ST. PAUL —
In Prouty's native Massachusetts, where he grew up in the working-class community of Braintree and attended Northeastern University, his father, Kenneth Prouty, declared he was "very proud of my son.''
"Everything he said pretty much rings true,'' the senior Prouty said in a brief telephone interview. "Mitt Romney made his bed. It wasn't really Scott doing it; it was Mitt Romney doing it. It kind of showed his true colors.''
He said his son "was kind of sticking up for the American public as far as I'm concerned. The average person who couldn't be there to hear what was going on.''
At the time, Romney's remarks — made at a May 17 fundraiser in Boca Raton, Fla., at the home of private-equity manager Marc Leder — riveted the political world. Obama backers will vote for the president "no matter what,'' the Republican candidate said in a video that Prouty leaked to Mother Jones magazine's Washington bureau chief David Corn, adding that he does not "worry about those people."

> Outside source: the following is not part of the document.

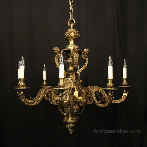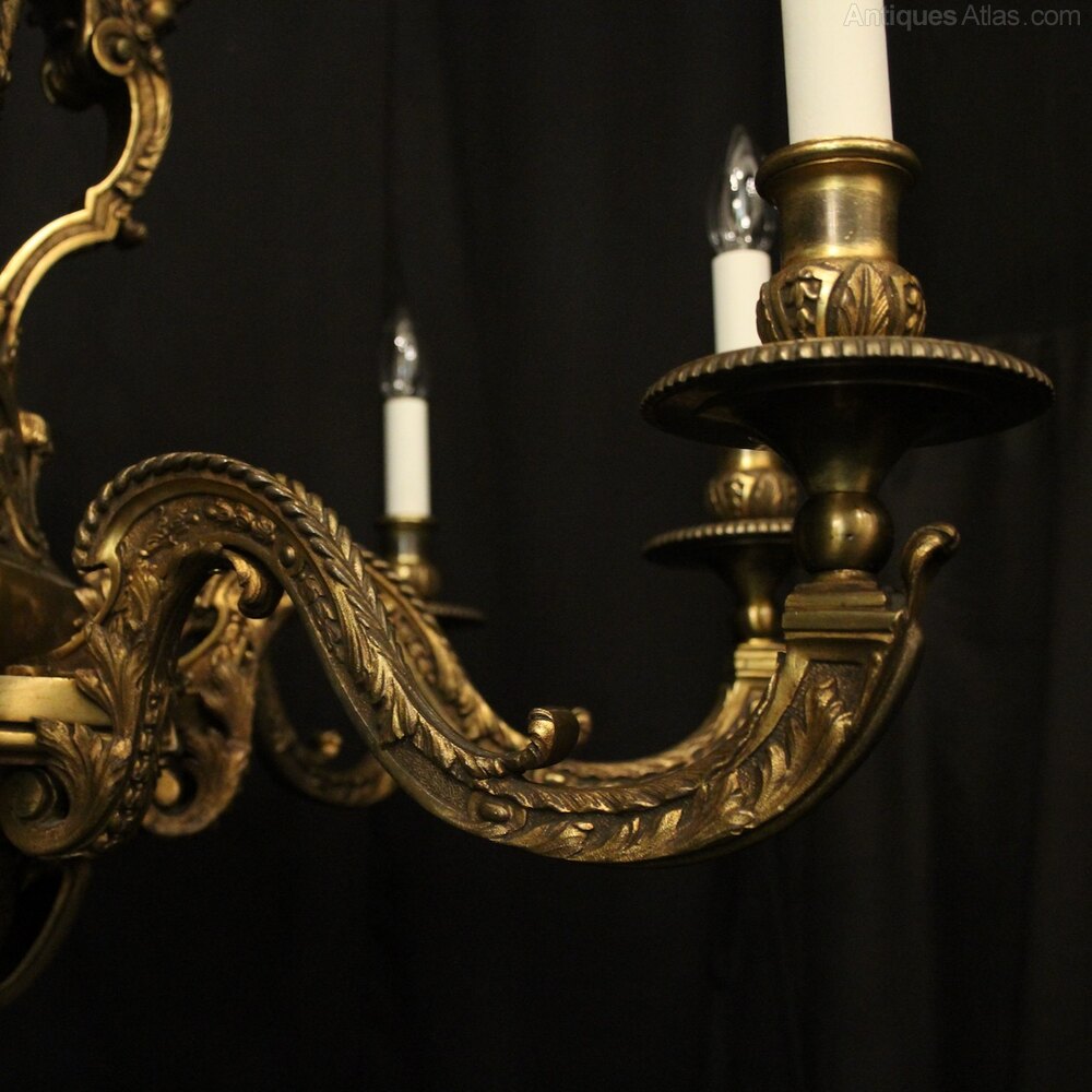 French Gilded Bronze 8 Light Antique Chandelier
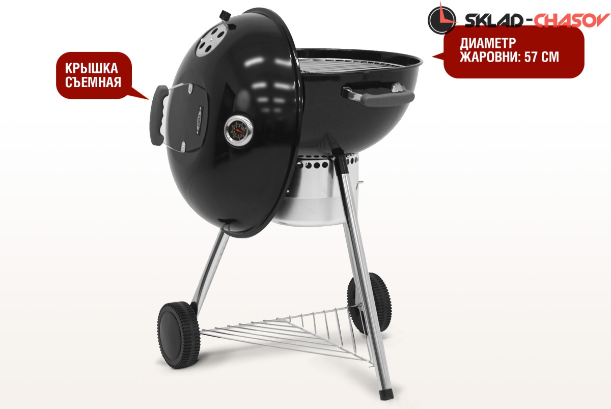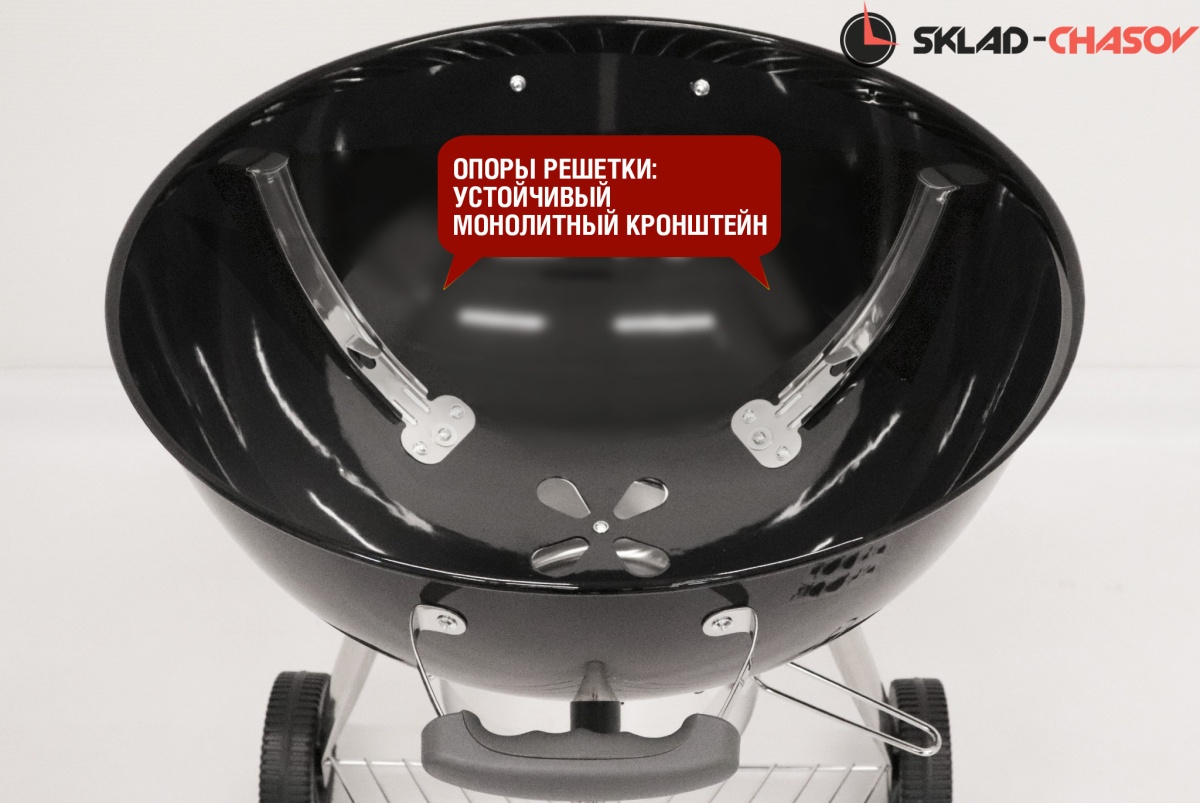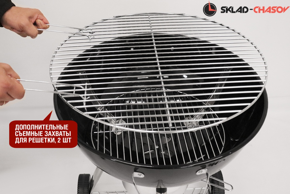 Гриль оснащен монолитными устойчивыми опорами колосника и решетками для приготовления. В комплекте поставки предусмотрены два захвата решетки для быстрого и безопасного снятия.

In a recent interview with "Fox News Sunday's" Chris Wallace, the former Massachusetts governor admitted that the comments' damage was severe. "That hurt. There's no question that hurt and did real damage to my campaign," Romney said.
But on Thursday, Prouty's unveiling landed with a collective thud for a Republican Party and conservative movement that seems to want to move beyond the man who lost what many considered a winnable election. Former Romney campaign staffers declined to comment, as did others in the Republican Party.
Ironically, it was Romney's recent emergence from his self-seclusion after the election — he is also scheduled to speak Friday at the CPAC convention of conservative activists — that Prouty indicated was what motivated him to finally come forward.